Tree of Death 100+ psi
Corsepultalator 100-120 psi
Jolt 60-80psi
Ghost Bust w/mist spitter 80-100 psi
Creature Crate 100 psi
Skelerector type /zombie pop up 70+psi
Custom Wolf prop (leaper type) 80 psi
Wolf in the trash can 40 psi
Pop up Zulu w/Blow Dart 50 psi

Any advice of how you would run these props would be appreciated.
ez


----------



## bourno

I believe you are on track. I wouldn't put another regulator at the reservoir tank if the air compressor regulator output is set accordingly.

I use small buffer tanks next to or inside the props themselves. And then add a regulator to the input of the prop solenoid if I need to step down the pressure. I keep the reservoir at the main line pressure.


----------



## The Creepster

Do you have a regulator for each prop?


----------



## ezeltmann

I do have a regulator for each prop. Is there any configuration that would work better, such as running all the 100 psi props off a single manifold and foregoing separate regulators for each one or should the larger PSI props be run on separate manifolds to keep the "air demand" evenly split between the 2 compressors?

I notice on some sites they say you can run multiple props on a single large tank compressor. Do you think with the props i have listed, that single compressor would be up to the task.

Compressors : Husky 1.8 HP (RUNNING) 4.3 SCFM @ 90psi
Craftsman 1.5 HP 3.5 SCFM @ 90 psi

I should have mentioned that for air lines i have 3/8" rubber hose (like the ones found at service stations) running into (2) 4 output manifolds. Running 1/4 polyurethane tubing from there to the props with the regulators in line.

Thanks for all your responses. I feel a lot more comfortable already with what i have planned.
EZ


----------



## dynoflyer

If you haven't already read through Wolfstone's excellent pneumatic tutorial this may be helpful reading. I run three pneumatics plus an air cannon off a 4 gal compressor with good results . . . .as long as I don't fire the cannon more than once every couple of minutes, that is. These HAM's are on all three pneumatics.

http://wolfstone.halloweenhost.com/Pneumatics/pnuham_HAM.html


----------



## DarkShadows

NOTE: If the compressor is set to 100 psi, thats the most you will get through out the lines. Theres no way of increasing the pressure without adding another compressor.

As for the air tanks.... Disconnect the 2' air hose coming out of that. The size is 1/4" thread and you can pick up a 1/4" thread x 1/4" push lock fiting at home depot. If It doesnt fill up, make sure you have the valve on the spare tank open.


----------



## Kenpilot

Hey guys, I too am having the same dilema. I want to add a 10 gallon air tank resevoir to each of my pneumatic props.
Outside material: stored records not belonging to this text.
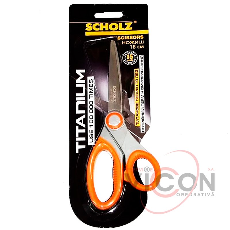 Ножницы офисные Scholz Titanium 4262, 18 см усиленные, прорезиненные ручки
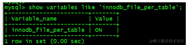 mysql> show variables like 'innodb_file_per_table';
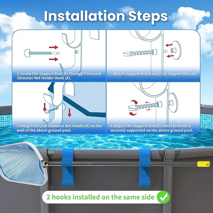 Supporto per rete per skimmer per foglie per piscina a bordo piscina Gancio per palo per piscina fuori terra Accessori per ganci per palo da nuoto telescopico regolabile
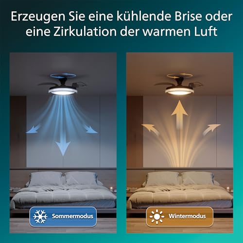 Philips Bliss Deckenventilator mit LED-Licht und Einziehbaren Flügeln, 3 Flügel, 106 cm Flügelspannweite, 4.500 Lumen, Einstellb. Licht (3.000 K bis 6.500 K), Dimmbar bis 5%, Inkl. Fernbed., Schwarz
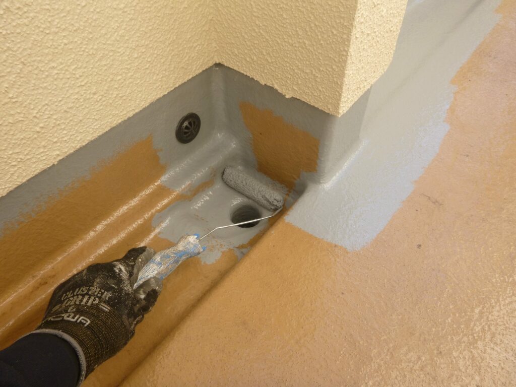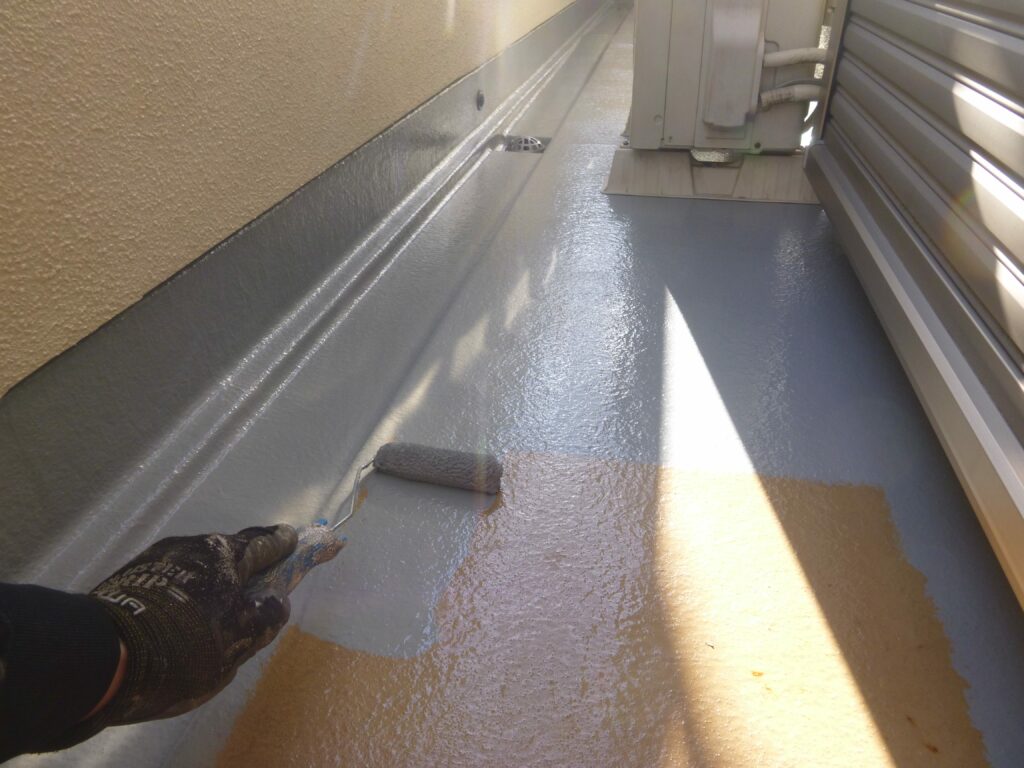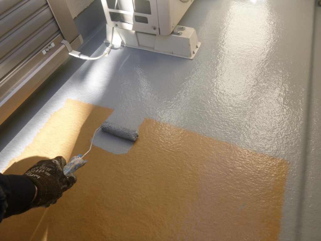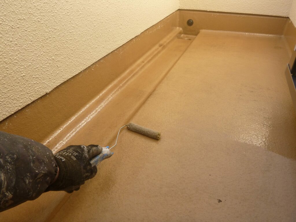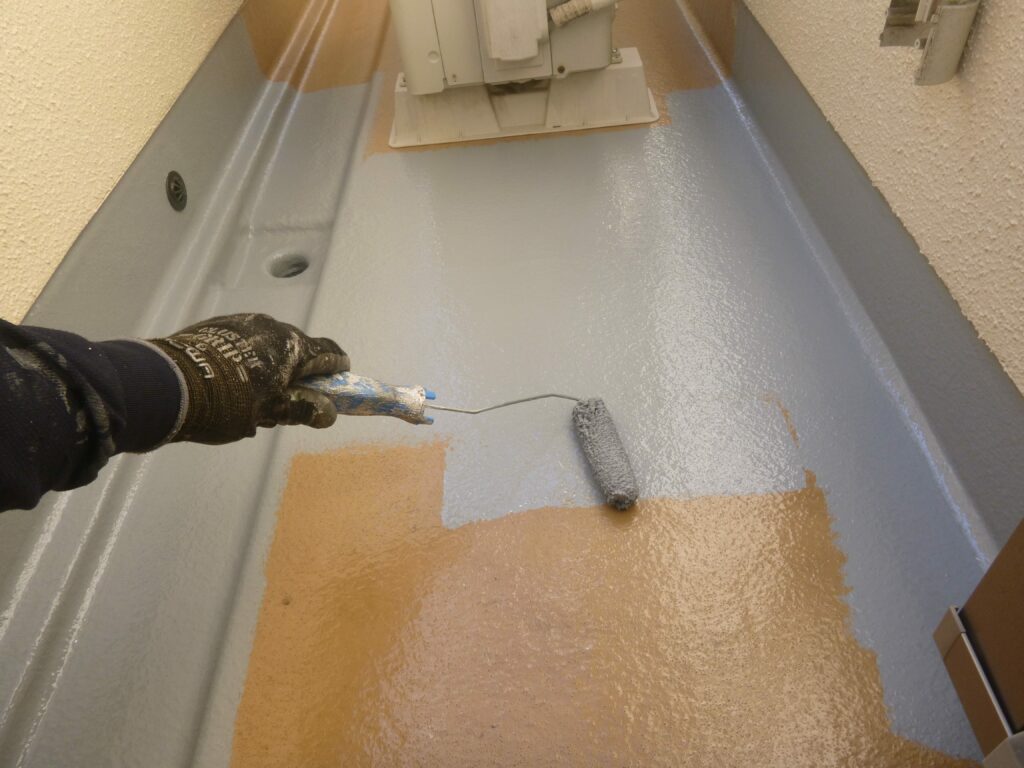 ガラス繊維と樹脂の層を重ねて作られる防水方式で、紫外線から守るためにトップコートが塗装されています。

I am going to run a main line from my compressor to a 3 way manifold and then a line to each reservoir tank and then a line from the reservoir tank to a filter and regulator and to the prop. Unlike the author of this thread, my props use different PSI. My question is how to "plumb" or configure the reservoir tank to have an air intake from the compressor in to the reservoir tank and then an air output to the filter/regulator/prop ?? The air tanks I have found (wal-mart, lowes, Nothern Tool) have just the 2 ft hose with an air chuck on the end to fill tires/balls etc. Any help with setting this up would be greatly appreciated! Pics would be great too!! Thanks!


----------



## bourno

I assume your main compressor would have quick connects on the end of the hose.

If so, I would change out the reservoir end to a female quick connect either at the hose or as DarkShadows mentioned above. And then get a T fitting and add 2 male quick connects and then whatever is needed to go to the filter/regulator setup. This way you can plug the separate lines and tanks together.


----------



## Kenpilot

bourno said:


> I assume your main compressor would have quick connects on the end of the hose.
> 
> If so, I would change out the reservoir end to a female quick connect either at the hose or as DarkShadows mentioned above. And then get a T fitting and add 2 male quick connects and then whatever is needed to go to the filter/regulator setup. This way you can plug the separate lines and tanks together.


Yep, I have a quick connect at the end of my compressor hose that will be attached to the 3 way manifold and then a hose from the manifold to the extra reservoir tank.

So far Im understanding that you take off whatever connections that come attached to the reservoir tank and put on a T connection so that you can attach the intake hose to fill the tank and then the other end of the T you attached the outflow hose and to the filter/regulator setup and on to the prop correct? Another question is, do I have to install any kind of check valve or anything so there isnt any kind of backflow from the reservoir tank to the compressor or will the T fitting keep it from doing that or actually the 3 way manifold would probably do that huh? Thanks again!


----------



## drwilde

*air tank safety valve*

im having some trouble with a reservoir tank i set up. the safety valve that is rated for 125psi pops at 100 and thats what a couple of my props need to run at . Any reason that would be happening?

http://www.theboneyardfl.com/help_photos.html


----------



## The Creepster

drwilde said:


> im having some trouble with a reservoir tank i set up. the safety valve that is rated for 125psi pops at 100 and thats what a couple of my props need to run at . Any reason that would be happening?
> 
> http://www.theboneyardfl.com/help_photos.html


yeah the valve is junked or your regulator gauge is not reading correctly


----------